Clinical lung cancer 2016-11
Stereotactic Body Radiotherapy for T3N0 Lung Cancer With Chest Wall Invasion.   
The role of stereotactic body radiotherapy (SBRT) for tumors involving the chest wall (CW) remains ill-defined. The Radiation Therapy Oncology Group 0236 trial allowed inclusion of T3N0 non-small-cell lung cancer (NSCLC) < 5 cm, although ultimately none were enrolled. No published data set investigating this population is available.
We queried an institutional review board-approved prospective SBRT registry to identify patients with tumors involving the CW, defined as radiographic evidence of frank soft tissue invasion or bony destruction.
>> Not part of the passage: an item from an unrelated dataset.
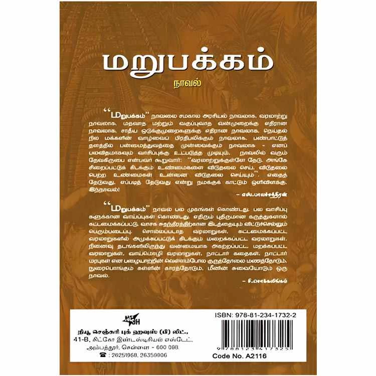 Details : ISBN : 9788123417325 Author : Ponneelan Weight : 100.00 gm Binding : Paper Back Language : Tamil Publishing Year : 2010 Code no :A2116 மறுபக்கம் : “மறுபக்கம்” நாவலை சமகால அரசியல் நாவலாக, வரலாற்று நாவலாக மதவாத மற்றும் வகுப்புவாத வன்முறைக்கு எதிரான நாவலாக சாதிய ஒடுக்குமுறைகளுக்கு எதிரான நாவலாக நெய்தல் நில மக்களின் வாழ்வைப் பிரதிபலிக்கும் நாவலாக, பண்பாட்டுத் தளத்தில் பன்மைத்துவத்தை முன்வைக்கும் நாவலாக எனப் பயவிதமாகவும் வாசிப்புக்கு உட்படுத்த முடியும், நாவலில் வரும் தேவகிருபை என்பவர் கூறுவார்: “வரலாற்றுக்குள்ளே தேடு. அங்கே சிறைப்பட்டுக் கிடக்கும் உண்மைகளை விடுதலை செய், விடுதலை பெற்ற உண்மைகள் உன்னை விடுதலை செய்யும்’ எதைத் தேடுவது, எப்படித் தேடுவது என்று நமக்குக் காட்டும் ஒளிவிளக்கு, இந்நாவல்! – எஸ்.பாலச்சந்திரன் ‘மறுபக்கம்” நாவல் பல முகங்கள் கொண்டது. பல வாசிப்பு களுக்கான வாய்ப்புகள் கொண்டது. எதிரும் புதிருமான கருத்துகளால் கட்டமைக்கப்பட்டு. வாசக சுதந்திரத்திற்கான இடத்தையும் விட்டுச்செல்லும் பெரும்படைப்பு. சொல்லப்படாத வரலாறுகள், கட்டமைக்கப்பட்ட வரலாறுகளில் அமுக்கப்பட்டுக் கிடக்கும் மறைக்கப்பட்ட வரலாறுகள். நினைவு தடங்களிலிருந்து வன்மையாக அகற்றப்பட்ட மறக்கப்பட்ட வரலாறுகள், வாய்மொழி வரலாறுகள். நாட்டார் கதைகள், நாட்டார் மரபுகள் என பழையாற்றின் வெள்ளம்போல குருத்தோலை மணத்தோடும். நுரைபொங்கும் கள்ளின் காரத்தோடும், மீனின் சுவையோடும் ஒரு நாவல். -சி.சொக்கலிங்கம் |

All patients underwent SBRT to a median dose of 50 Gy in 5 fractions and were followed up for tumor control, pain response, and toxicity.
Of 820 NSCLC patients reviewed, 13 with CW involvement were identified. Of these 13 patients, 10 had primary T3N0 NSCLC and 3 had recurrent NSCLC. Their median age was 78 years, the Karnofsky performance status was 80, the Charlson score was 3, and the tumor diameter was 4.0 cm. The 1-year local, locoregional, and distant control rates were 89%, 62%, 80%, respectively. Of 9 patients with pretreatment tumor-related CW pain, 7 (78%) reported improvement after treatment. Regarding toxicity, 2 of 13 (15%) experienced new or worsening CW pain (both grade ≤ 2); 3 cases (23%) of grade 1-2 radiation pneumonitis developed. No patient exhibited late skin changes or fibrosis.
SBRT for NSCLC involving the CW was well tolerated, with promising early rates of tumor control and no grade ≥ 3 toxicity. Tumor-related CW pain was relieved in most patients, and the treatment-related toxicity rates appeared acceptable. Further investigation in this subset of patients with NSCLC is warranted.